Subtly different viewpoints and perspectives make 'The Ash Tree' so gripping. Through elliptical editing and staging Sir Richard is eerily transported back into a dark past which puts him on trial for his relative’s behaviour during the witch’s hanging. It’s beautifully filmed and acted, maintaining a cryptic and guilty relationship with Richard’s ancestry and his fight to resist a witch’s curse. The scenes in his bedroom when devilish things crawl over his body and the eventual burning of the ash tree are some of the creepiest passages in the whole of the BBC Ghost  Stories series.

This three disc set comes with many extras and commentaries.

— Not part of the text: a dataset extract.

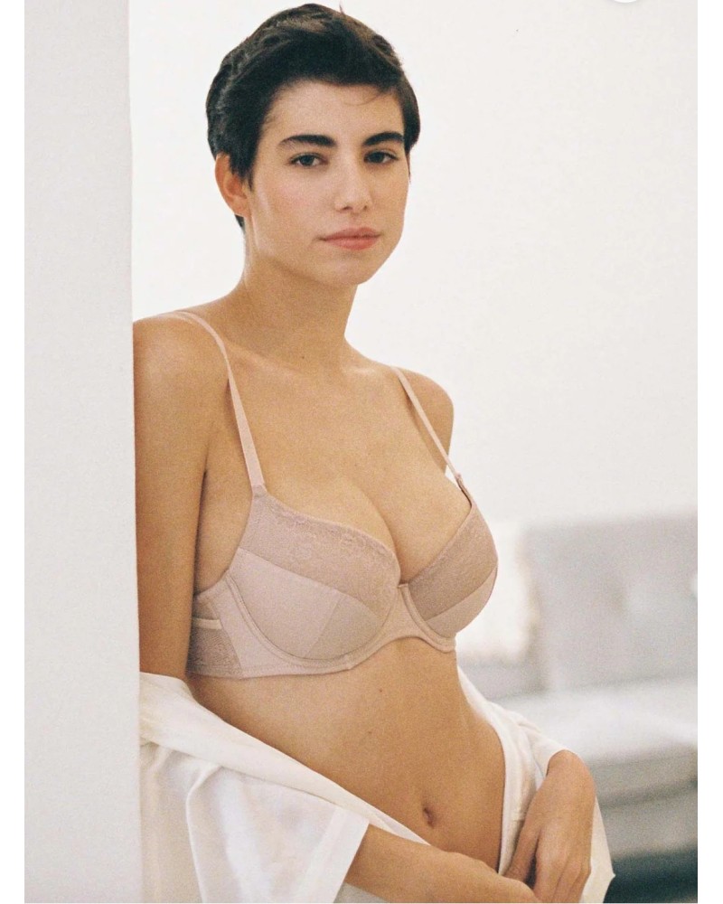 Sujetador con copa de capacidad relleno fino y aros. Laterales en tul con corte laser diseñado para cubrir y estilizar la figura. Centro pecho...
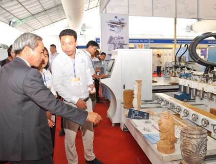 Doanh nghiệp gỗ Việt Nam tham quan tìm hiểu công nghệ chế tác gỗ tại VietnamWood lần thứ 11. Ảnh: Hà

I particularly recommend Nic Wassell’s seventeen minute video essay Spectres, Spirits & Haunted Treasure; Adapting M. R. James (2023). Just about the most succinct film on the differences between the films and the stories I’ve seen.

Ghost Stories for Christmas volume 2 also includes two later BBC M. R. James films A View from the Hill (2005) and Number 13 (2006).

I’d have liked to have included them in the seventies productions as outstanding adaptations but alas they are not. They’re perfectly adequate, in their own way, but for me, too detached with a tendency and to muffle the Jamesian horror, and they lack a real sense of belief in their source material.

A year ago I wrote praising the BFI’s Ghost Stories for Christmas volume 1. Volume 2 is equally as good. And the Blu Ray format brings an even greater depth and definition to these films. This is a limited edition that you should snap up immediately.